By default the property ``otherCrazyflies`` is left empty when the service request is constructed in the ``PPSClient.cpp``. Thus, in order to have access to the position of another object recognised by the Vicon system you can edit the ``PPSClient.cpp`` as per the following steps:
- In the ``PPSClient.cpp`` file locate the implementation of the function ``viconCallback``, which has the full prototype:
```
void viconCallback(const ViconData& viconData)
```
where the argument ``viconData`` has the structure defined in ``ViconData.msg``:
```
CrazyflieData[] crazyflies
UnlabeledMarker[] markers
```
thus ``viconData.crazyflies`` is an array of all the objects that the Vicon system is attempting to recognise, where each element of the array adheres to the following data structure:
```
string crazyflieName
float64 x
float64 y
float64 z
float64 roll
float64 pitch
float64 yaw
float64 acquiringTime #delta t
bool occluded
```

- At the start of the ``viconCallback`` in the ``PPSClient.cpp`` file (i.e., before the ``for`` loop), add the following varible declaration:
```
CrazyflieData otherObject;
```
where the plan is to fill in this variable with the data about the object of interest and then pass it as part of the service request in the ``.otherCrazyflies`` property.
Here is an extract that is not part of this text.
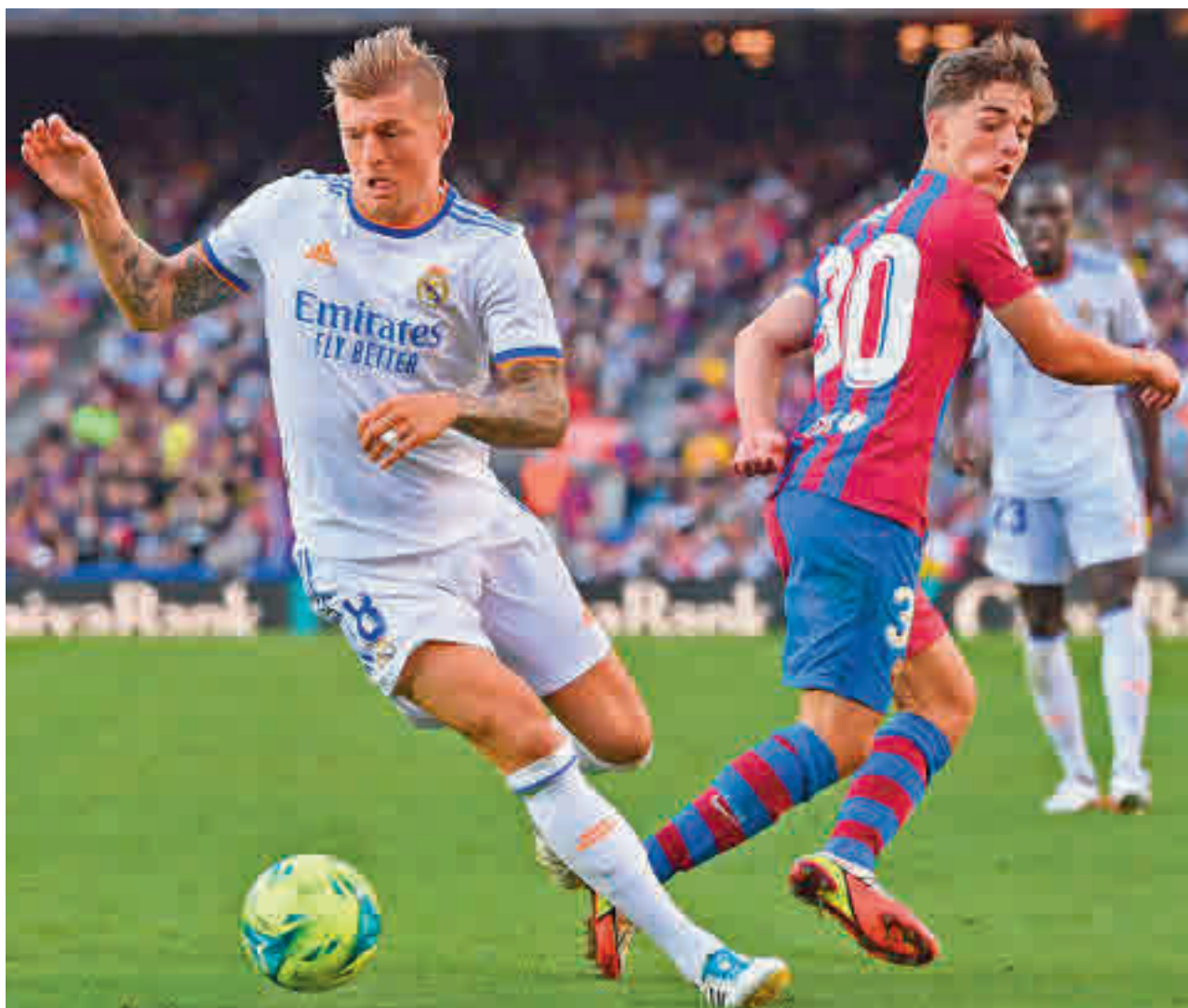
Kroos disputa un balón con Gavi en el partido jugado el pasado 24 de octubre en el Camp Nou

El pasado domingo 13 el Barcelona entonaba el alirón en la Liga Iberdrola tras golear al Real Madrid (5-0). Nueve días después, el equipo blanco tendrá la oportunidad de desquitarse, además, en un escenario diferente y con un premio apetecible. Valdebebas acogerá el martes 22 (21 horas) la ida de los cuartos de final entre los dos representantes españoles. Las jugadoras de Alberto Toril tratarán de buscar un resultado positivo que les permita afrontar con garantías la vuelta del día 30 que se disputará en el Camp Nou.

- In the ``viconCallback`` function of the ``PPSClient.cpp`` file, just after the variable declaration you added, add the following ``for`` loop:
```
for(std::vector<CrazyflieData>::const_iterator it = viconData.crazyflies.begin(); it != viconData.crazyflies.end(); ++it)
{
		CrazyflieData thisObject = *it;

		if ( thisObject.crazyflieName == "name_of_object_I_am_searching_for" )
		{
				otherObject = thisCrazyflie;
				break;
		}
}
```
This for loop iterates over all the objects provided to the ``viconCallback`` function, and fills in the ``otherObject`` variable with the object whose name matches the string ``"name_of_object_I_am_searching_for"``.

- Define a new object via the Vicon Tracker software, give it a meaningful name in the Vicon software, and replace the string ``"name_of_object_I_am_searching_for"`` with the exact string that you used in the Vicon saftware.

- In the ``viconCallback`` function of the ``PPSClient.cpp`` file, look for the following lines of code:
```
Controller controllerCall;
CrazyflieData local = global;
coordinatesToLocal(local);
controllerCall.request.ownCrazyflie = local;
```
and immediately after these existing lines of code, add the following new lines of code:
```
coordinatesToLocal(otherObject);
controllerCall.request.otherCrazyflies.push_back(otherObject);
```
Now the ``.otherCrazyflies`` property of the ``request`` variable that is passed to the ``calculateControlOutput`` function of your ``CustomControllerService.cpp`` file will contain the position of the ``otherObject`` as the first entry in the array, i.e., you can access the data via ``request.otherCrazyflies[0].{x,y,z,roll,pitch,yaw}``.